Cryo-ET data collection and processing

All electron tomographic tilt series data sets were collected using SerialEM44 with a tilt increment of 2 or 3 degrees. The JEM-3200FSC was operated at 300 keV with zero-loss energy filtering, slit width 24 eV. The pixel size on the specimen was 0.36 nm and the total electron dose was about 70 e/A2. Images were recorded at a target underfocus between 4 and 8 µm on a K2 Summit direct-electron-detection camera (Gatan, Pleasanton, CA) with 5 to 8 frames per second during an exposure time of 1 to 1.5 sec. Frame alignment was carried out with the “Unblur & Summovie” package45,46,47. Tomographic reconstruction were carried out using Etomo/IMOD48. Bilateral filtering was applied to denoise the reconstructed tomograms with functions provided in EMAN2 package49,50.

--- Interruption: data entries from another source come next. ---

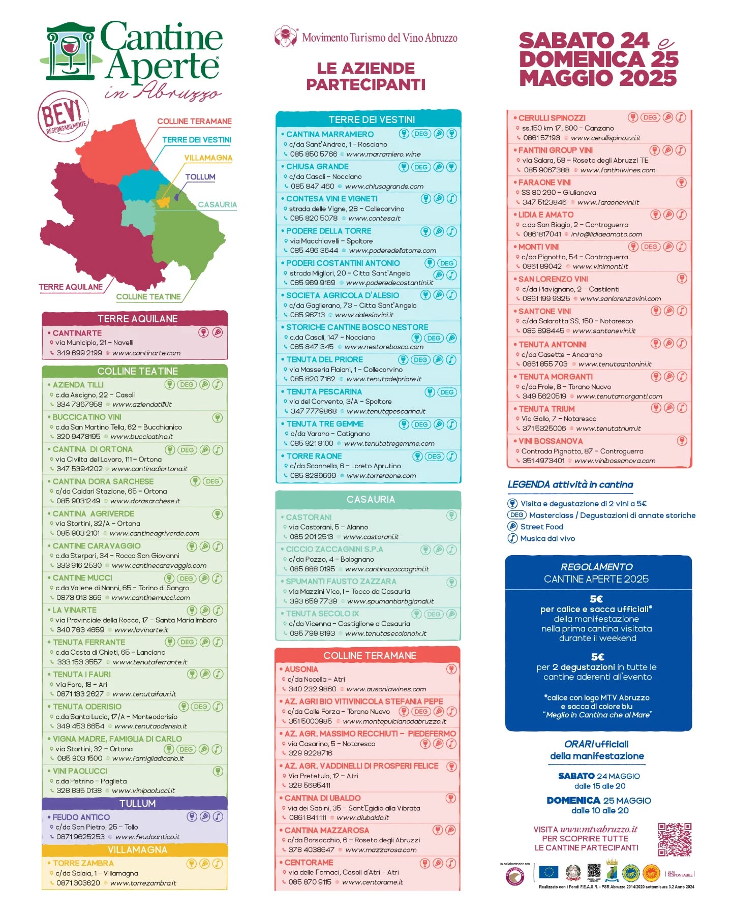 Here are the 2025 ‘Cantine Aperte’ in Teramo, Pescara, L’Aquila and Chieti and interactive map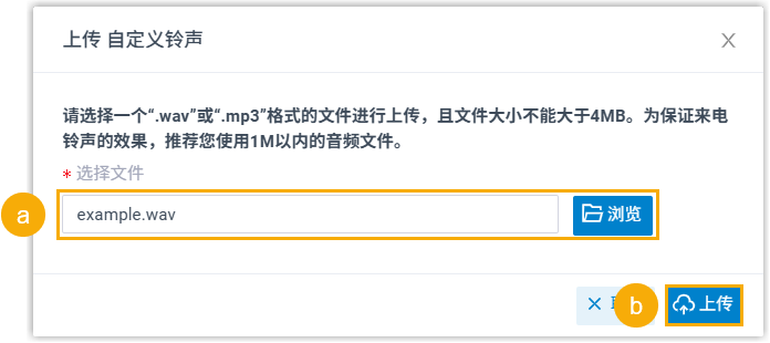 .wav或.mp3提示: 如果音频文件格式不符合要求,你可以通过 G711在线转换器或 WavePad 转换文件格式。 - 文件大小:最大 4 MB注: 为保证来电铃声的效果,建议使用的音频文件不超过 1 MB。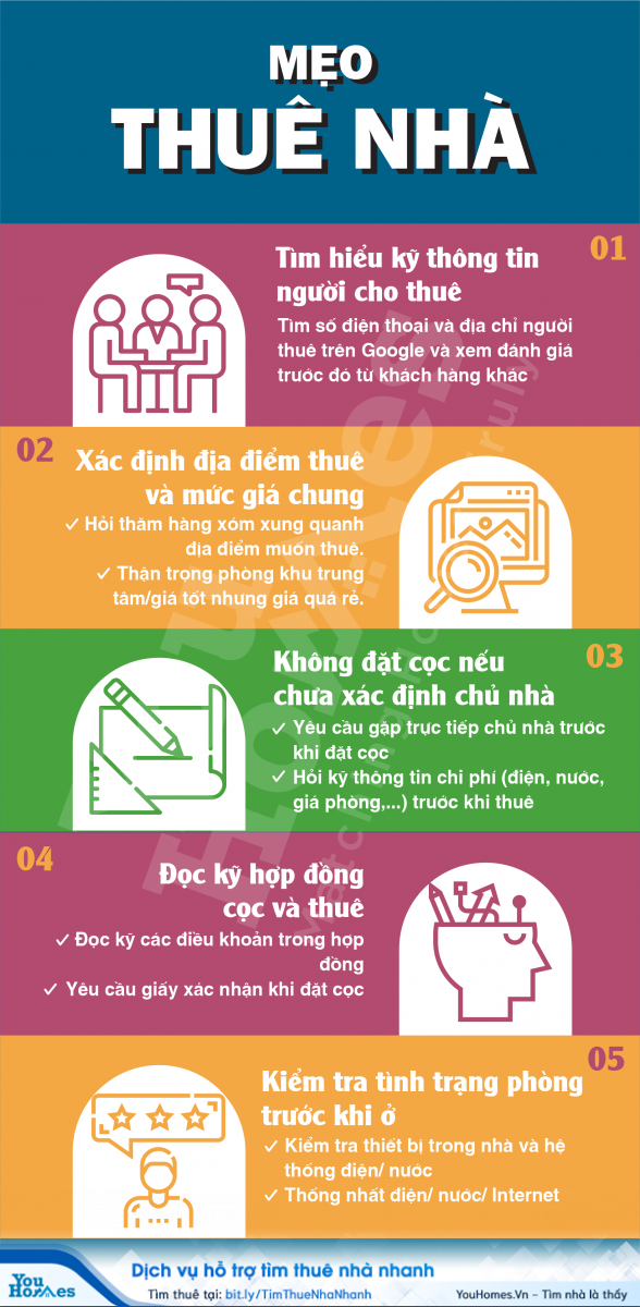 Trước khi quyết định thuê nhà dù là gắn bó với bạn thời gian ngắn hay dài, thì bạn đều cần có những sự cân nhắc kỹ lưỡng về nhiều yếu tố để tìm ra được căn hộ hợp lý nhất với nhu cầu và khả năng của mình. YouHomes khuyên bạn đừng bao giờ nên vội vàng đưa ra quyết định khi chưa tìm hiểu kỹ về căn nhà. Infographic sau đây là 5 yếu tố bạn cần luôn lưu ý trước khi quyết định thuê nhà.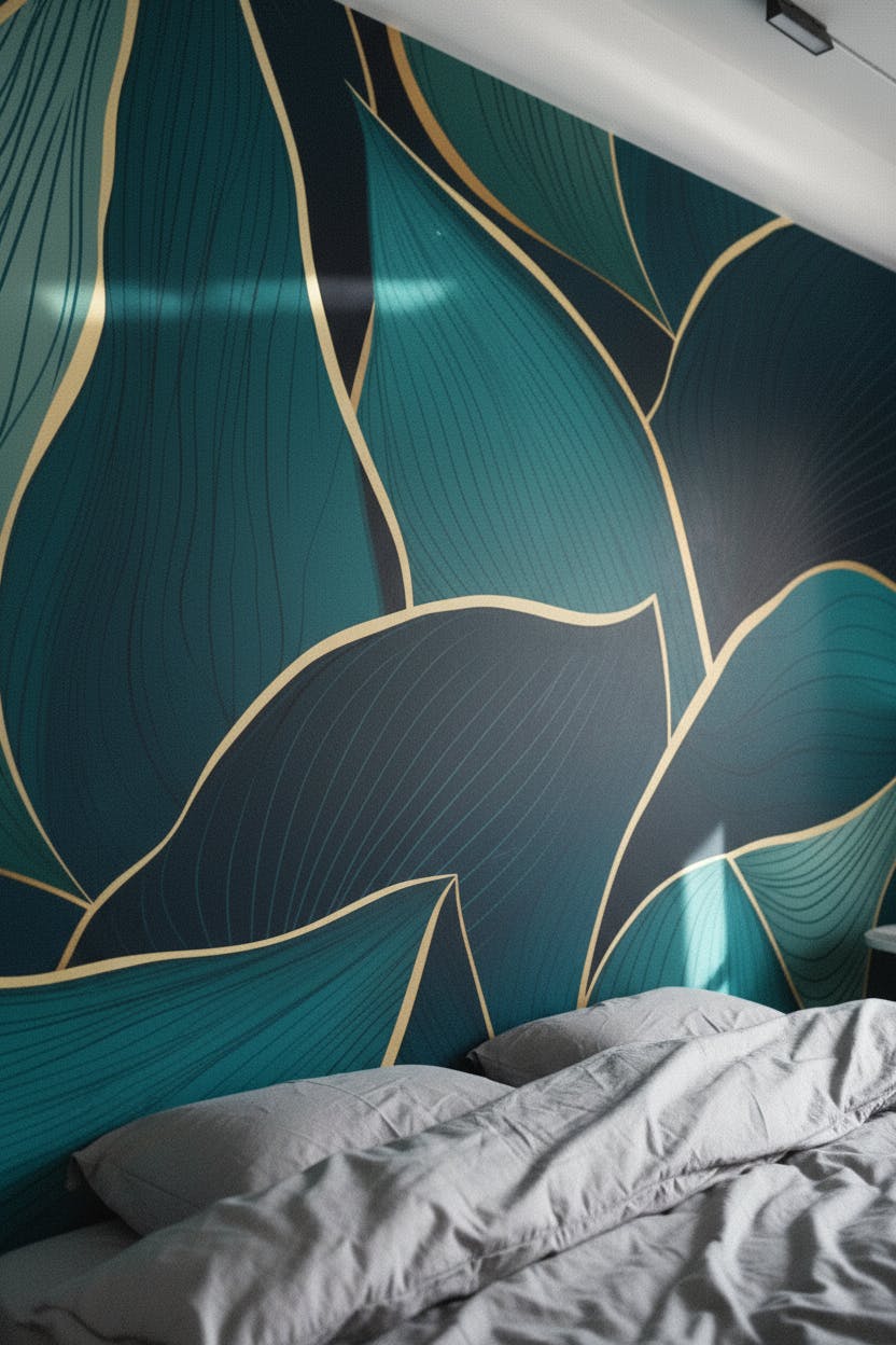 DER Entenblaue Schlafzimmertapete für Erwachsene zeichnet sich durch sein elegantes und einzigartiges Design aus, das eine Reihe von darstellt große Blätter. Die subtile Mischung aus Blaugrün- und Goldtönen erzeugt einen auffälligen visuellen Effekt, perfekt für alle, die einen Hauch von hinzufügen möchten Erfrischung und Eleganz in ihr Zimmer.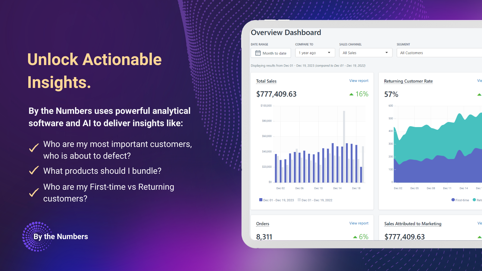 By the Numbers is a dashboard suite of powerful analytics tools that empowers you to decode business performance, build customer loyalty, optimize discounts, curate winning product bundles & more. It features tools like Customer Lifetime Value, Cohort Retention, & Repurchase Analytics. View your customer audience in segmented groups like “Most Loyal” & “Defecting” allowing you to craft targeted campaigns with better insights. Integrate with Google & Klayvio to save time & reach your audiences.
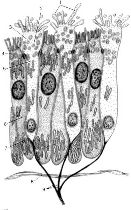 1 — мікроворсинки; 2 — пухирці; 3 — нюхова булава; 4 — замикаюча пластинка (десмосома); 5 — тіло нюхової нейросенсорної клітини; 6 — підтримуюча Клітина; 7 — ендоплазматична сітка; 8 — базальна мембрана; 9 — аксони нюхових нейросенсорних клітин, які утворюють нюхові нитки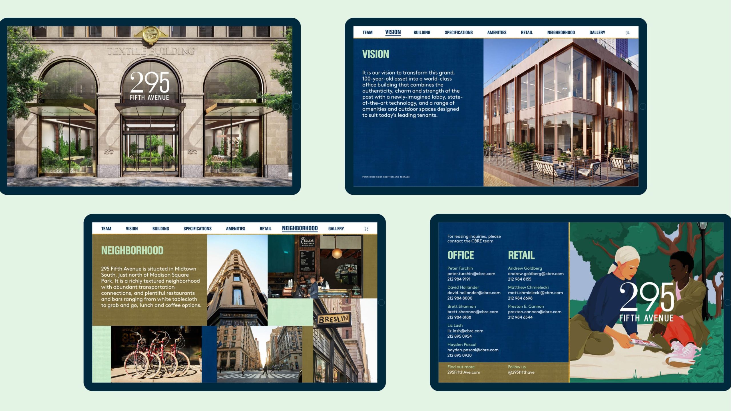 Our brand reflects the diversity of different tenant types who will come together in this building and uses a light-hearted, bright color palette and illustrations to connote the playground aspect of the brand, while the hardworking aspect comes through the typefaces, layouts and detailed renderings and film.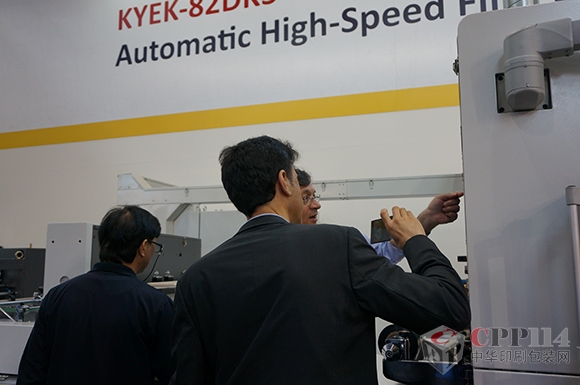 “我們這次展出的就只有這一臺產品,整個機身包括飛達、除粉、主機、分切、收紙等部分,設計比較緊湊,但功能齊全,采用的技術是鏈刀覆膜,不會有任何尾膜產生。”姜俊宇先生介紹說,“此外,這臺設備的界面也很人性化,它配有多種語言選擇,一個人即可操作所有生產流程,機器的任何一個門打開,操控屏幕上都會有警示。”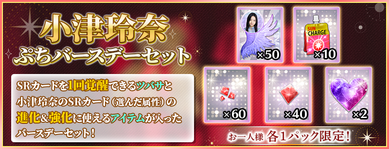 「ぷちバースデーセット」は、小津玲奈のSRカードを1回覚醒できる分の覚醒アイテムと、小津玲奈のSRカードを進化&レベルMAXまで強化できる分の育成アイテムがセットになったお得なセットです!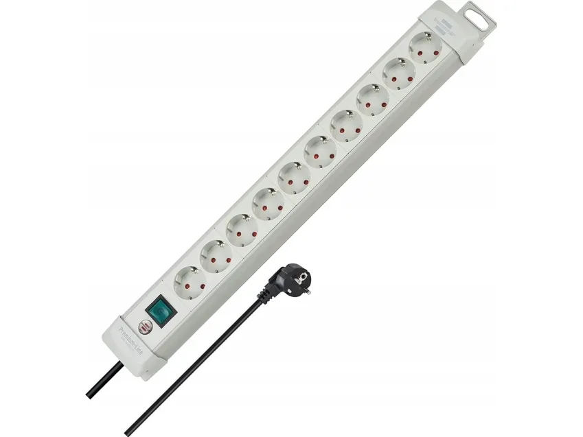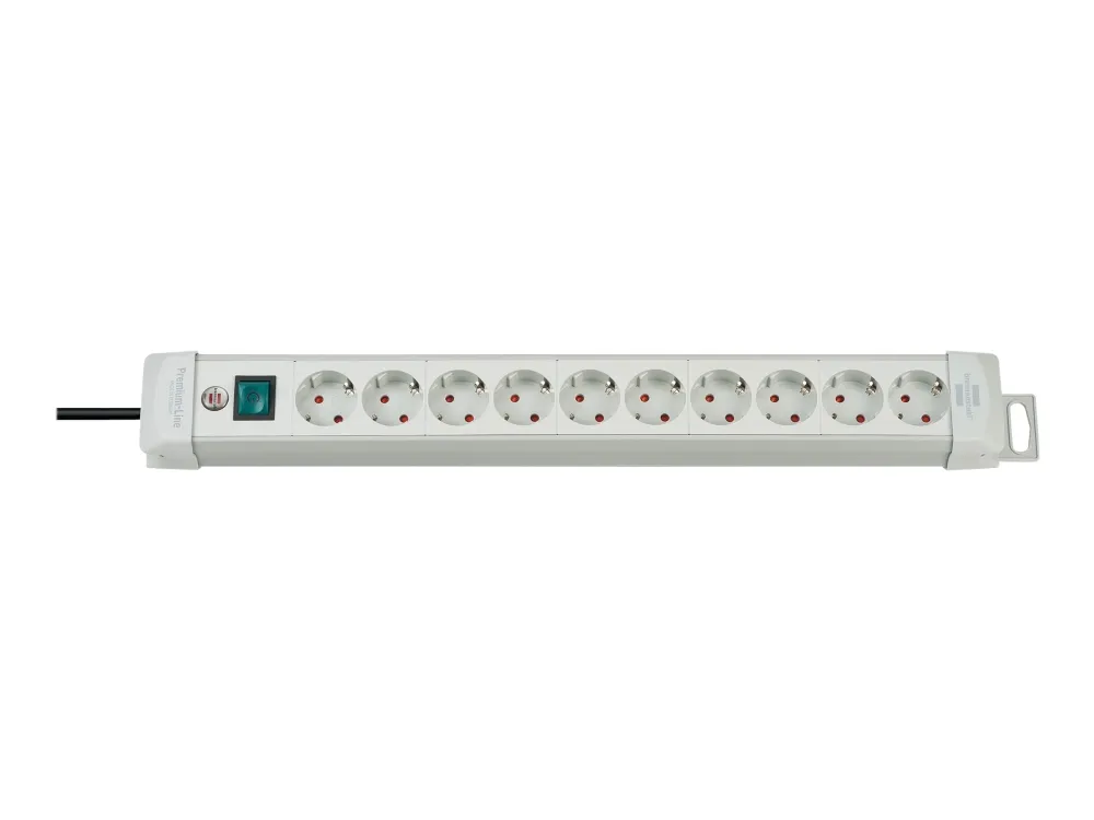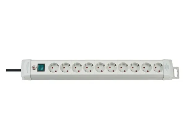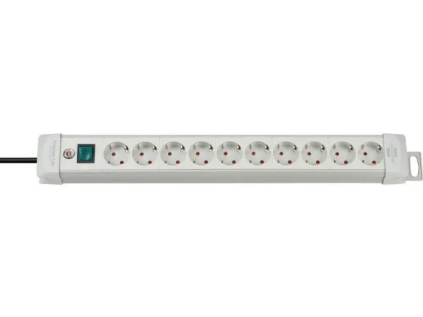 - Robust extension sockets, designed to be the best and made of break-resistant special plastic material.\n- Elegant, sleek, timeless, high-quality design.\n- Earthed sockets in a 45° arrangement, for angled plugs as well.\n- Illuminated 2-pole ON/OFF safety switch.\n- With option to wind the cable around the rail for storage.\n- With practical hanging facility.\n- Innovative mounting concept.\n- With childproof sockets.\n- Packaging: with banderole.\n- Cable length: 3 m\n- Cable: H05VV-F 3G1,5\n- Length appr.: 58 cm\n- Sockets: 10\n- Colour: Light Grey\n- Plug-in system: DE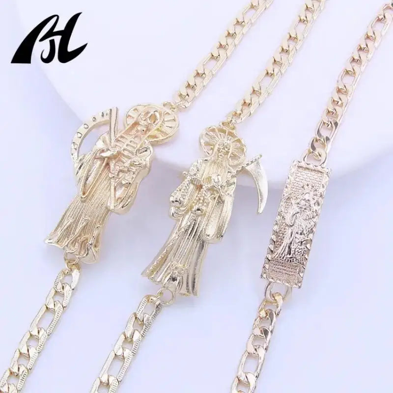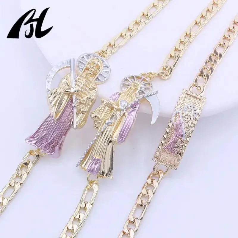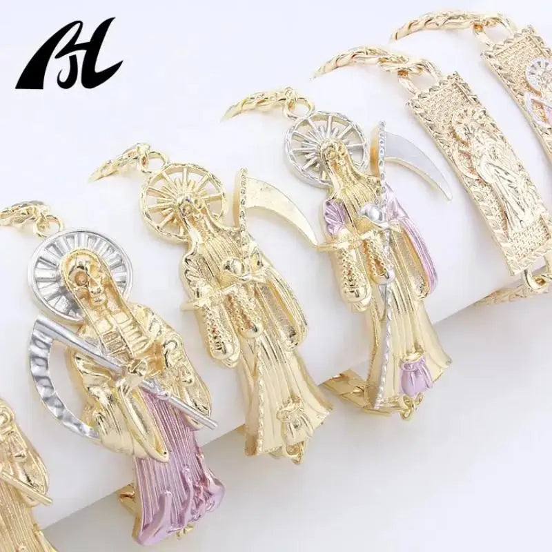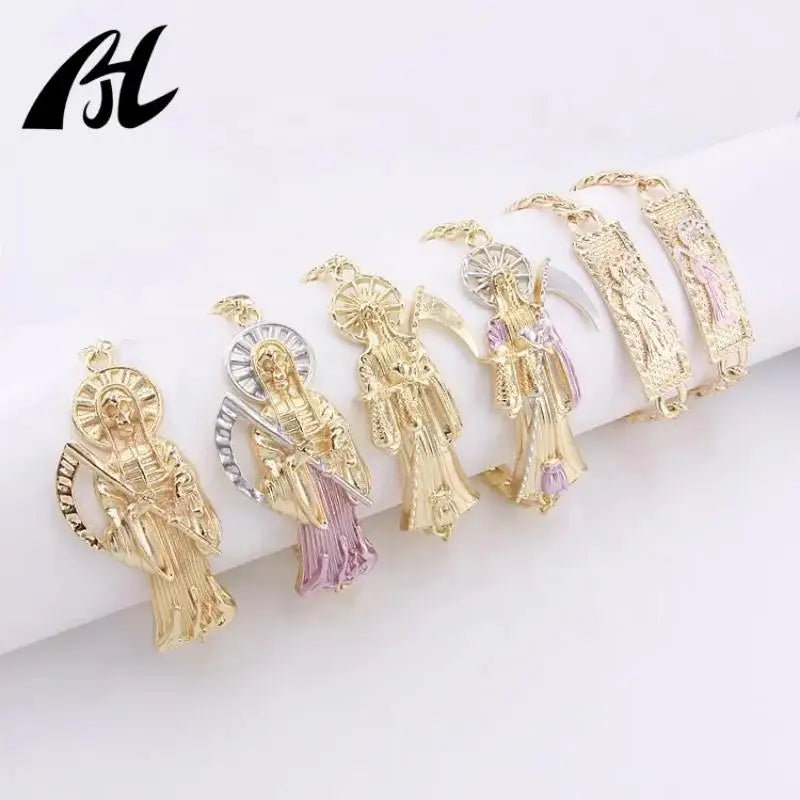 - Detailed charms and symbols that honor Santa Muerte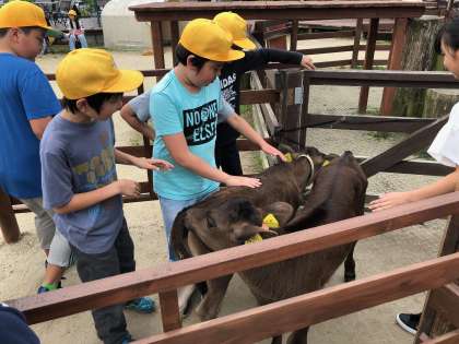 グループ活動の様子です。普段の生活では、あまりふれあうことのできない動物と楽しい時間を過ごしています。この体験活動をきっかけに、様々な動物に関心をもったり、命を大切にしたりしてほしいです。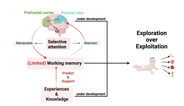 其次,我们探讨了婴儿工作记忆受限的潜在机制。选择性注意的不足使得婴儿难以优先处理相关信息;前额叶皮层(PFC)的发育不成熟限制了其执行控制和信息整合的能力;而先前经验的缺乏则阻碍了婴儿基于预测编码机制有效选择和更新信息(Fiske & Holmboe, 2019; Wang & Kibbe, 2023)。这些因素共同作用,使得婴儿在处理环境信息时倾向于采取“探索优先”策略。我们认为,这种策略不仅帮助婴儿避免错过环境中重要但非直接与任务相关的信息,还促进了其皮层功能的逐步成熟,为其认知学习和环境适应提供了独特的优势(如图2所示)。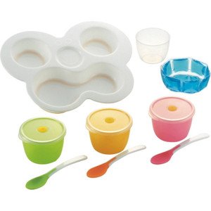 【セット内容】●カップ(Φ6.5×4.7cm)・レンジフタ・やわらかスプーン×各3、プレート(21.5×17×3cm)・目盛付カップ・クールシート×各1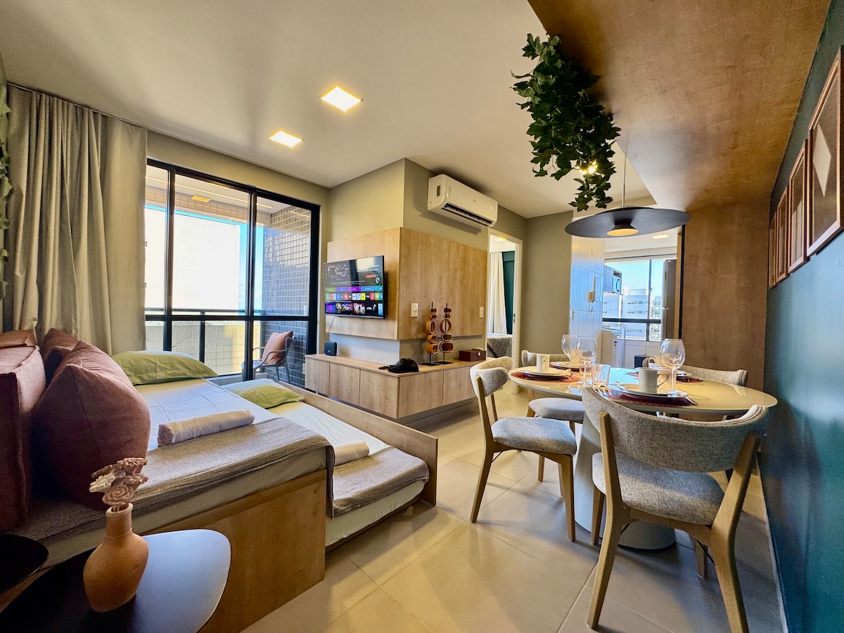 Prédio de frente pra a praia Jatiuca Apartamento aconchegante com móveis novos, ambiente Clean com ar condicionado no quarto casal, cozinha americana completa, sala com TV e internet fibra optica dedicada, máquina de lavar e secar, totalmente decorado.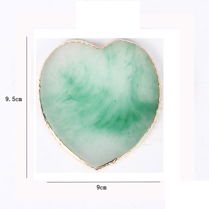 AKOAK 1 Pack Nail Heart Shape Resin Palette Agate Golden Edge Palette Crystal Edge Shooting Prop Palette Works Display Board Tools (Green)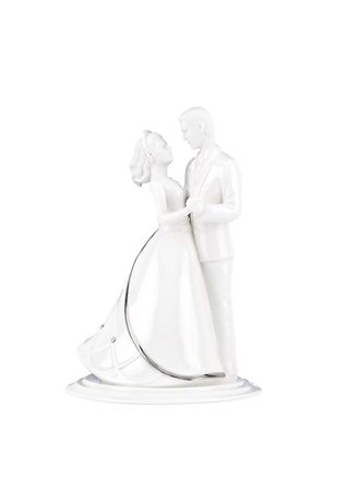 Sure to become a cherished wedding keepsake, the Bliss Cake Topper is a couple dancing their first dance as husband and wife. This cake topper is beautifully cast in fine white porcelain and trimmed with precious platinum. The groom is attired in a handsome tuxedo and the bride wears a stunning wedding gown accented with sparkling crystals.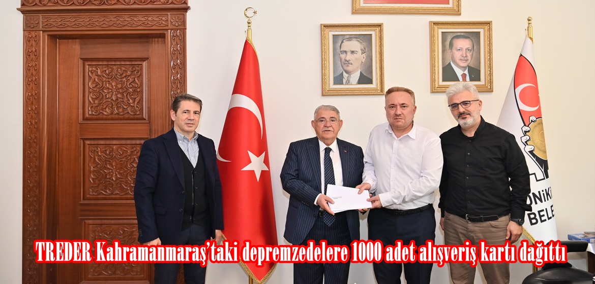 TREDER son olarak Ramazan ayında Kahramanmaraş’taki depremzedeler için Onikişubat Belediyesi’ne 1000 adet alışveriş kartı verdi. Onikişubat Belediye Başkan Hanefi Mahçiçek, TREDER tarafından yapılan yardım ile ilgili yaptığı açıklamada ‘’Bu ziyaret vesilesiyle TREDER, bin tane ihtiyaç sahibi ailelerimize dağıtmak üzere hediye kartı getirdiler. İşte bizim milletimizin güzelliklerinden birisi de bu. Özellikle Ramazanda paylaşmanın, yardımlaşmanın en güzel örneğini TREDER gösterdi. Biz de bunları ihtiyaç sahibi kardeşlerimize, belediyemiz kanalıya dağıtacağız. Ben kendilerine böyle güzel bir adedi devam ettirdikleri için, yardımlaşmanın en güzel örneklerinden birini icra ettikleri için çok teşekkür ediyorum.’’ şeklinde konuştu.

Scanning electron microscopy

Tetrahymena samples collected from different time points of regrowth after deciliation were fixed by 1% glutaraldehyde and placed in pre-processed aluminum carriers from the M. Wohlwend GmbH, Engineering office. Before adding Tetrahymena cells, the carriers were carbon coated and glow discharged (two minutes) followed by treatment of poly-L-lysine coating to increase cell attachment. The Tetrahymena cells in the carriers were subjected to a six-step gradient dehydration of ethyl alcohol (10%, 20%, 40%, 70%, 90%, and 100%) followed by critical-point drying using Samdri-795 with a 15 minutes purging process. Afterwards, the samples in the carrier were fixed on conductive stubs with silver glue and gold-coated for 45 seconds using a CRESSINGTON Sputter Coater. SEM images were captured at 2 kx, 5 kx, and 10 kx magnifications using Secondary Electrons Secondary Ions detector of a ZEISS NEON 40EsB High Resolution Dual Beam Scanning Electron Microscope.